◆ **Source material**:
--- START ---
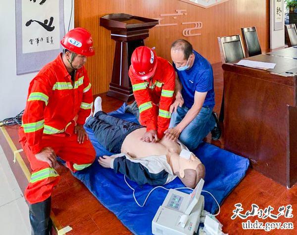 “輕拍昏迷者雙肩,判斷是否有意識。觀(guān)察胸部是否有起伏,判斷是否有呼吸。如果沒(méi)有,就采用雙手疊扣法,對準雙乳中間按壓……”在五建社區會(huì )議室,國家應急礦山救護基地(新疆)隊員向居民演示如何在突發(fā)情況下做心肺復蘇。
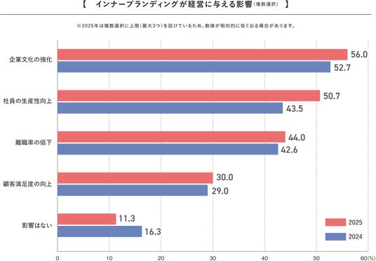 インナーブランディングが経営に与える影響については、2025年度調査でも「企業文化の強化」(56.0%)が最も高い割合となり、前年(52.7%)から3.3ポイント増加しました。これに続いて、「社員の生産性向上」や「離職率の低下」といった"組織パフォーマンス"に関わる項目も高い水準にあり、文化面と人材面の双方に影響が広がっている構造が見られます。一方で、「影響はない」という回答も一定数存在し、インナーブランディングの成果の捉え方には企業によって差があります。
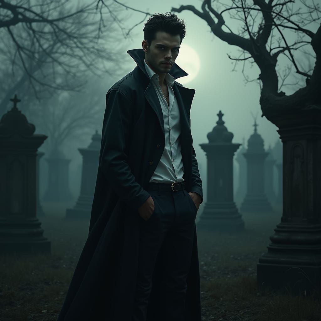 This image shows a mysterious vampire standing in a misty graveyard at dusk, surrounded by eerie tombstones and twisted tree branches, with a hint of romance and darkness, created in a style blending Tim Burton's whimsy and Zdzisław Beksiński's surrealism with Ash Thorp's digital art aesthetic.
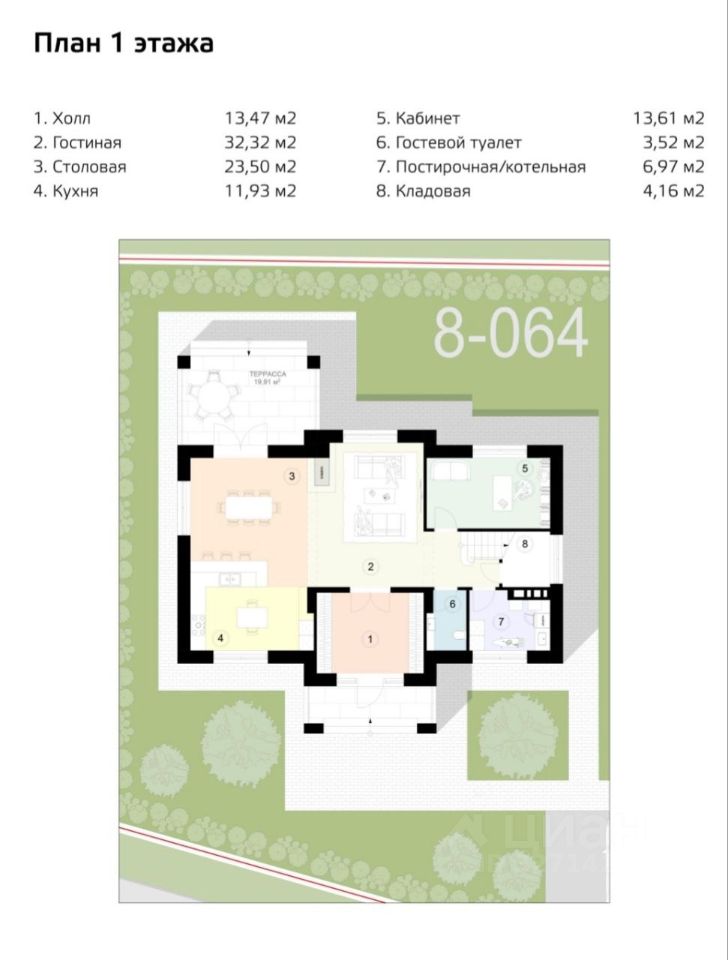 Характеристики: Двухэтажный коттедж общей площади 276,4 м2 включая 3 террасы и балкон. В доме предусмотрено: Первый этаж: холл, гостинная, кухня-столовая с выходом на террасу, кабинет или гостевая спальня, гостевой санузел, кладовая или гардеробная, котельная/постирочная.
--- END ---
--- START ---
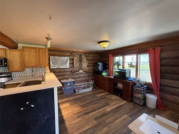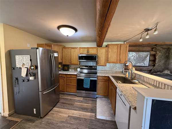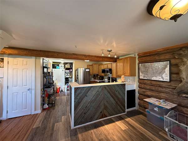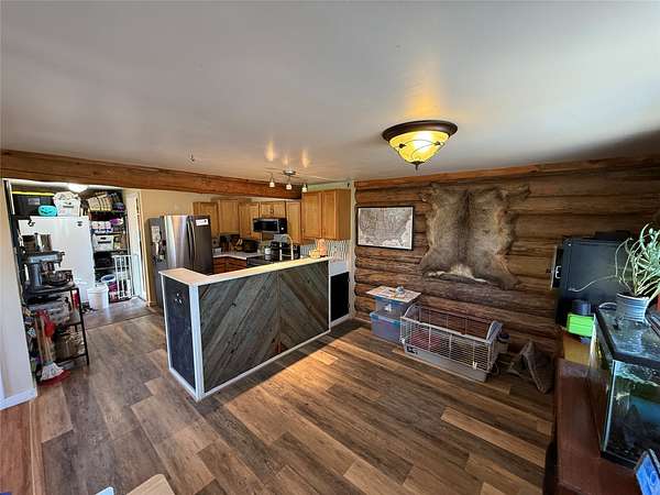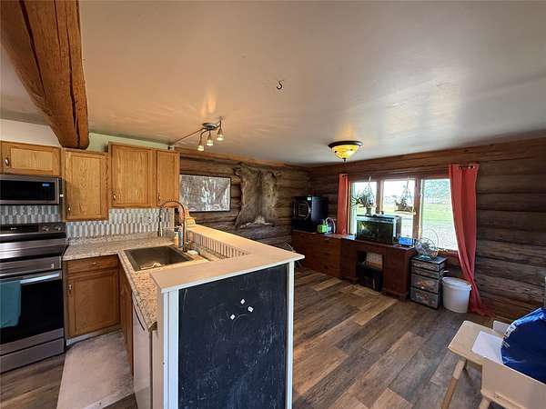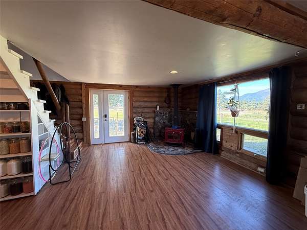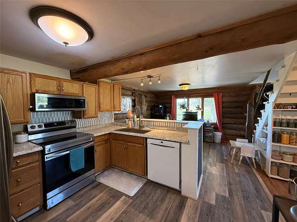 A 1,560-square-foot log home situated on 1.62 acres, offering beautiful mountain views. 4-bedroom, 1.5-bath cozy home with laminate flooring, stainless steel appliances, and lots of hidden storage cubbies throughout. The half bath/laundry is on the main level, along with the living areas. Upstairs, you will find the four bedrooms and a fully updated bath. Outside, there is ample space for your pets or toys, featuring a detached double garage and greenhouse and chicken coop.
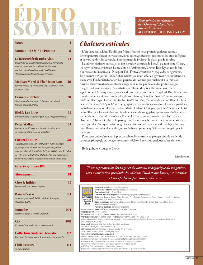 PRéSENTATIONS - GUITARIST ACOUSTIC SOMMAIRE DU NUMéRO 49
--- END ---
◆ **What is expected**: Although pictures appear among the entries, please set down only the lines from the one with "インナーブランディングが経営" up to and including the one with "Характеристики: Двухэтажный коттедж", word for word.

◆ **Response area**:
 インナーブランディングが経営に与える影響については、2025年度調査でも「企業文化の強化」(56.0%)が最も高い割合となり、前年(52.7%)から3.3ポイント増加しました。これに続いて、「社員の生産性向上」や「離職率の低下」といった"組織パフォーマンス"に関わる項目も高い水準にあり、文化面と人材面の双方に影響が広がっている構造が見られます。一方で、「影響はない」という回答も一定数存在し、インナーブランディングの成果の捉え方には企業によって差があります。
 This image shows a mysterious vampire standing in a misty graveyard at dusk, surrounded by eerie tombstones and twisted tree branches, with a hint of romance and darkness, created in a style blending Tim Burton's whimsy and Zdzisław Beksiński's surrealism with Ash Thorp's digital art aesthetic.
 Характеристики: Двухэтажный коттедж общей площади 276,4 м2 включая 3 террасы и балкон. В доме предусмотрено: Первый этаж: холл, гостинная, кухня-столовая с выходом на террасу, кабинет или гостевая спальня, гостевой санузел, кладовая или гардеробная, котельная/постирочная.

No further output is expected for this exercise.